There's something degrading about it, and I've never done it, but I don't
particularly care if others cheat on homework. Many good teachers know that
grade systems cheat students out of serious educations. (And incentivize them
to become cheaters.) Yet few win enough power to teach as they think best and
neutralize this whole class of problems.

Coincidentally, I'm taking an ungraded class. Though I didn't really notice
until now. There is homework, but doing it is completely at our discretion. It
could only possibly work if we're self-motivated, and it works fine.
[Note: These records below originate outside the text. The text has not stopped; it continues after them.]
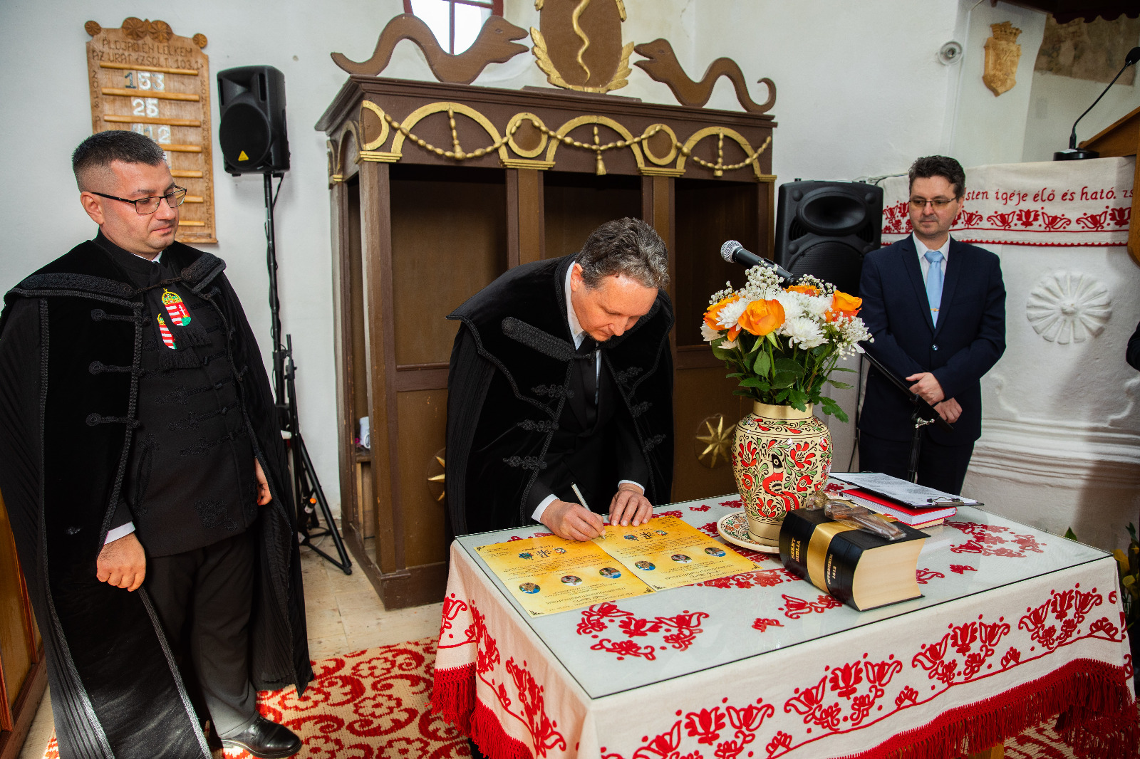 Az eseményen Benedek Zakariás parlamenti képviselő is köszöntötte az egybegyűlteket, örömét fejezve ki az új kezdeményezésért. Kőrösi Viktor Dávid vezető konzul is szólt az ünneplő közösséghez, arra biztatva a gyülekezetet, hogy mindenki vigye haza az összetartozás érzését, mert ez fog megtartani a következő 1000 évben is. A továbbiakban néhai Kuhn Zoltán lelkész unokája, Somogyi László köszöntötte a gyülekezetet, aki elmondta: „jó látni, hogy e gyülekezetben értik és élik a hívó szót, gyermekek, nők, férfiak, családosak, egyedül levők, mindannyian. A harangok százévesek, azt jelezik, hogy Istenünk hívása, szava el nem múlik, nem kopik, kitartóan velünk van.”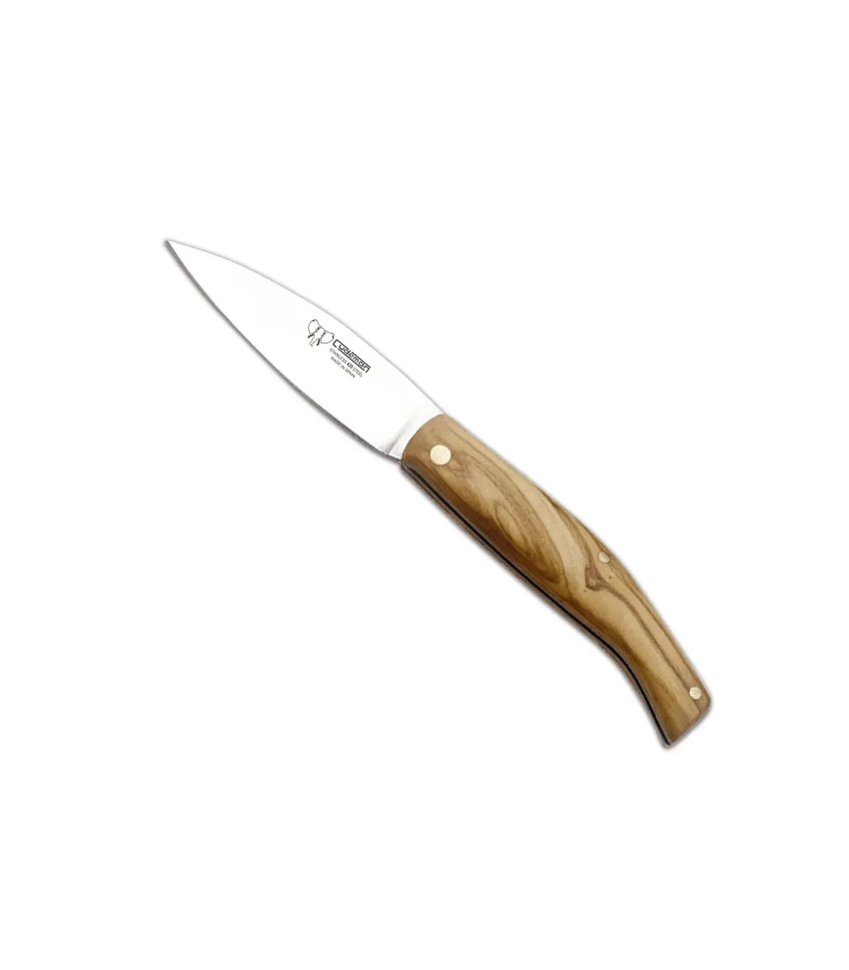 Coltello in acciaio 420 con manico in ulivo, lama di 7 cm.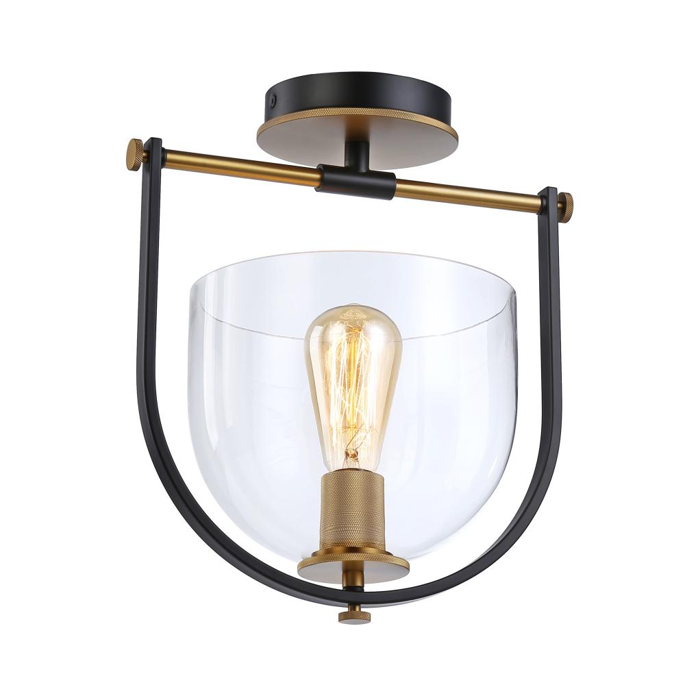 The Cheshire Collection is a spectacular grouping of chandeliers designed by Kevin Kraemer. The frames are black and complemented with brass. There is fine attention to all the details from the frame shape matching the curves in the glass to the exquisite knural parts on the candle covers and knobs. (Also available in black with nickel accents). Semi Flushmount shown.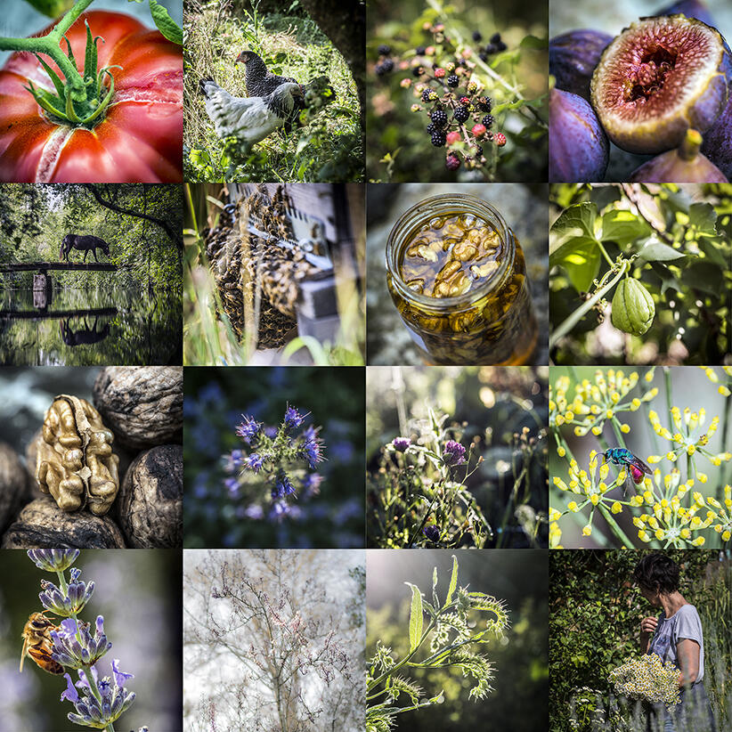 Depuis près de vingt ans Théo, le petit fils de Marceau et Nathalie, sa compagne, gèrent le domaine en permaculture dans le respect absolu de la biodiversité et de l’environnement.Le lieu abrite un potager sur sol vivant, un rucher mené en apiculture douce, un verger-poulailler expérimental, des plantes aromatiques et médicinales, des zones laissées sauvages qui accueillent une biodiversité abondante, plusieurs cours d’eau et des chevaux en liberté.

Come to think of it, it's unlikely that my viewpoint is shared by only a tiny
minority. After all, commenters here cite astonishingly high rates of
plagiarism, like "literally... more than half". (Not to mention the papers
which are so unoriginal that they might as well have been plagiarized.) Maybe
some enterprising hackers here wrote emacs plugins to help rephrase text, in
order to maximize the time they have to pursue important studies and projects.

------
grandalf
I was accused of plagiarism my freshman year of college but it was completely
original. The prof believed me after I met with him and explained my thought
process.

------
snissn

        I saw them baffled by what teachers said they wanted ([snip]), which often seemed 
        to mask what they really wanted (“elegantly analyze these stories and compose, 
        in formal prose, a well-supported argument that will not only engage the 
        ambiguities without resolving them but delight and surprise me”)
    

My essays would always concentrate on resolving ambiguities... this glib
comment sort of makes me wonder

------
X-Istence
I post all of my papers online on my blog or other locations where they are
quickly picked up by Google and various other sources.
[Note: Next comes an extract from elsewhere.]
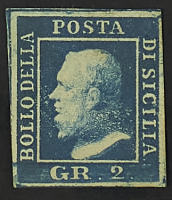 1859 - 2 gr. I tavola cobalto scuro - Raro - Cert. Diena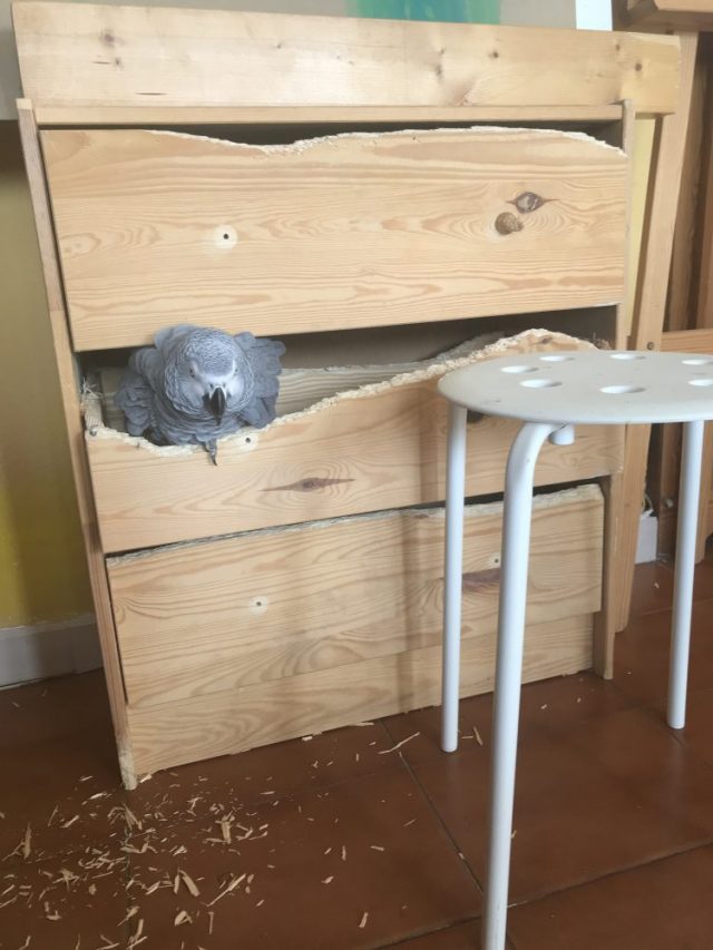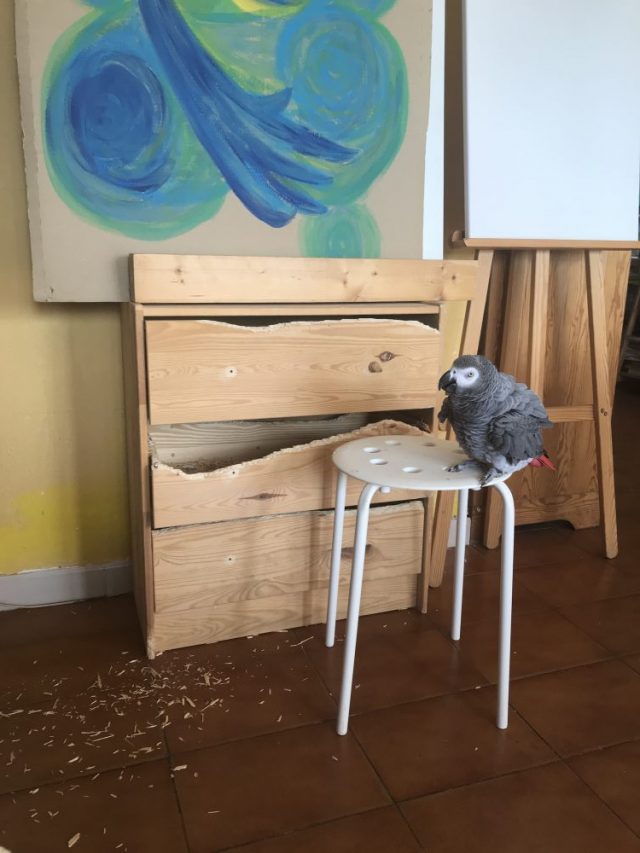 まずは「快楽オプション」からスタート。まさにその順序で、のびのひと羽を伸ばすオウム。その横で私は、洗濯、掃除、荷物の整理とノンストップ。

Turnitin is used by my professors and each and every time my papers would come
up as 100% plagiarised, if they then attempted to Google it they would come
across my website where I had posted the paper. After the first time of being
accused of plagiarism and me pointing out that the license attached to my work
did not allow Turnitin to use it for commercial purposes they started checking
by hand, never heard about it again.

------
danbmil99
what a bunch of fucking crap. Plagiarism is theft, pure and simple. You know
when you're doing it, and it means you suck.

I am getting really sick of the moral relativism building up around cheating
and grades. It's a fucking nightmare. Schools should just flunk out the 40% or
50% who do this shit for a couple years, and people will get straight.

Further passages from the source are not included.